Record excerpts>
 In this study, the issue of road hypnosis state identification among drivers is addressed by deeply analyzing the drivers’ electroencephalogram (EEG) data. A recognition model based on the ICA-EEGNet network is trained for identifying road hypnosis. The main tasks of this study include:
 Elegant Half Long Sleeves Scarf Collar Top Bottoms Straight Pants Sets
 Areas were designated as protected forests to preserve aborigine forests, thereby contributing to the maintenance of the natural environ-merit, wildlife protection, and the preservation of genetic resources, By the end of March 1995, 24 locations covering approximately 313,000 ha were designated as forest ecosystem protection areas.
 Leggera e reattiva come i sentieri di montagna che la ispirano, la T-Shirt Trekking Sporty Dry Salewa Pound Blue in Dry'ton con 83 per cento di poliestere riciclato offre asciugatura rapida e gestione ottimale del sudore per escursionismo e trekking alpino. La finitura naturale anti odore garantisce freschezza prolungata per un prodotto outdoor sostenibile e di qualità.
--
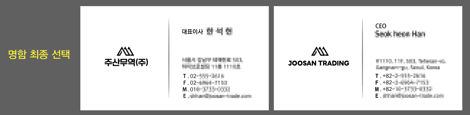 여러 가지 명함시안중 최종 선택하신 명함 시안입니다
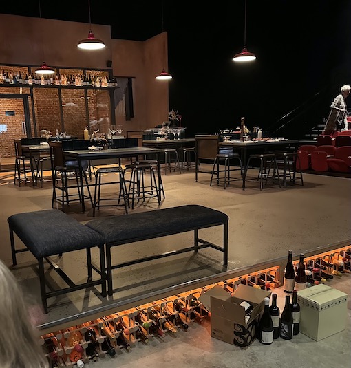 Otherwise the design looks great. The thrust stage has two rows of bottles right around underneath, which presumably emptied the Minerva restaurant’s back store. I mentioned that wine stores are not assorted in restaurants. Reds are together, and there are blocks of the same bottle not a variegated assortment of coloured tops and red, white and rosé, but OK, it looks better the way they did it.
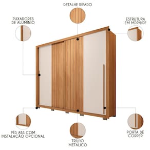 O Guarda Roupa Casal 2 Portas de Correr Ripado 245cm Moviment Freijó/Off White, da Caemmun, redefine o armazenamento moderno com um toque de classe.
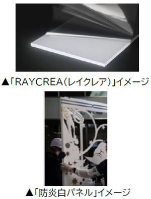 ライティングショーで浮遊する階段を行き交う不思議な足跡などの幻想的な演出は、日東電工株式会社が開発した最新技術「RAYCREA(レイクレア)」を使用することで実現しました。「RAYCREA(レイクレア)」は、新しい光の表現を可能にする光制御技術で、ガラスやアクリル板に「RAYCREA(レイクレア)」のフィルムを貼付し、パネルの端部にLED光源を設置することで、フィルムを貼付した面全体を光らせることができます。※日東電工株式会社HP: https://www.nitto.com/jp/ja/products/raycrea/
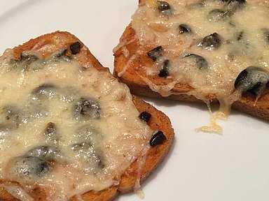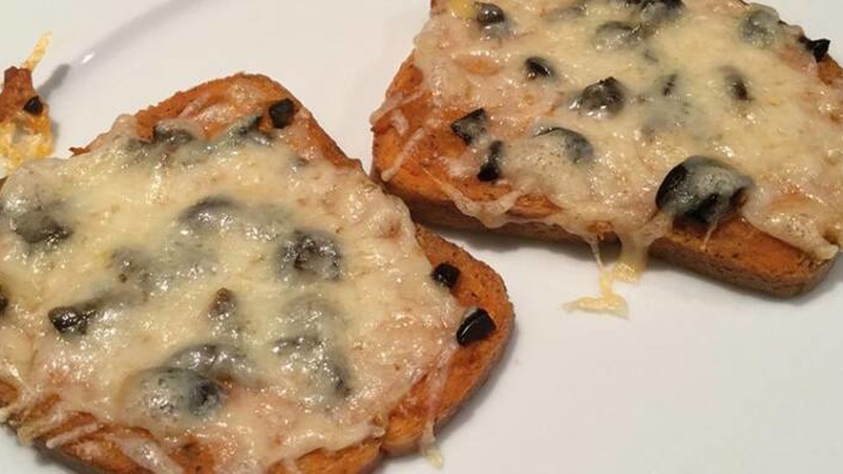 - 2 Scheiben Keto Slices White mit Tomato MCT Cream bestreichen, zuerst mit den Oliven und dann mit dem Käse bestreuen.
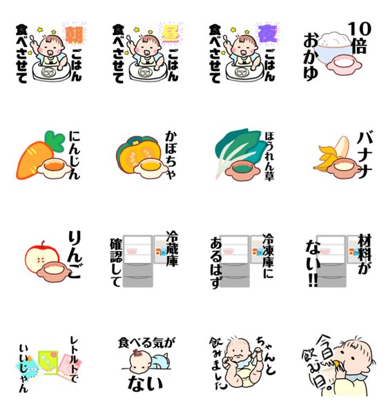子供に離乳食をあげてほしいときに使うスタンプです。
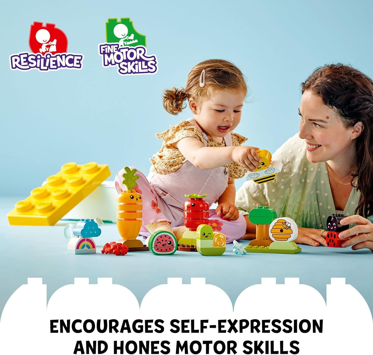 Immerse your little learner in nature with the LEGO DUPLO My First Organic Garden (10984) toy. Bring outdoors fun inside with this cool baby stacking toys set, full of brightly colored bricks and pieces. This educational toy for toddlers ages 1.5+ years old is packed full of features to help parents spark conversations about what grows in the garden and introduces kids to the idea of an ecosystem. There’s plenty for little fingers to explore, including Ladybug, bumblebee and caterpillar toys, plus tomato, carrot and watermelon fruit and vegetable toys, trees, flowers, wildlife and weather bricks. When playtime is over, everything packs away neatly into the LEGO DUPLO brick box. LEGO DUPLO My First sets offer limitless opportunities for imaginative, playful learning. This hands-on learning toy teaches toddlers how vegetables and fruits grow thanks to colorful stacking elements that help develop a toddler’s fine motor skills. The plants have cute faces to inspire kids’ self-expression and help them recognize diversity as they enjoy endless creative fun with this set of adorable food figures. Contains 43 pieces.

What this task involves> Those lines of the records above that run from the one containing "- 2 Scheiben" through the one containing "子供に離乳食をあげてほしいときに使うスタンプです。" should be returned exactly, with no pictures among them.

Result>
 - 2 Scheiben Keto Slices White mit Tomato MCT Cream bestreichen, zuerst mit den Oliven und dann mit dem Käse bestreuen.
子供に離乳食をあげてほしいときに使うスタンプです。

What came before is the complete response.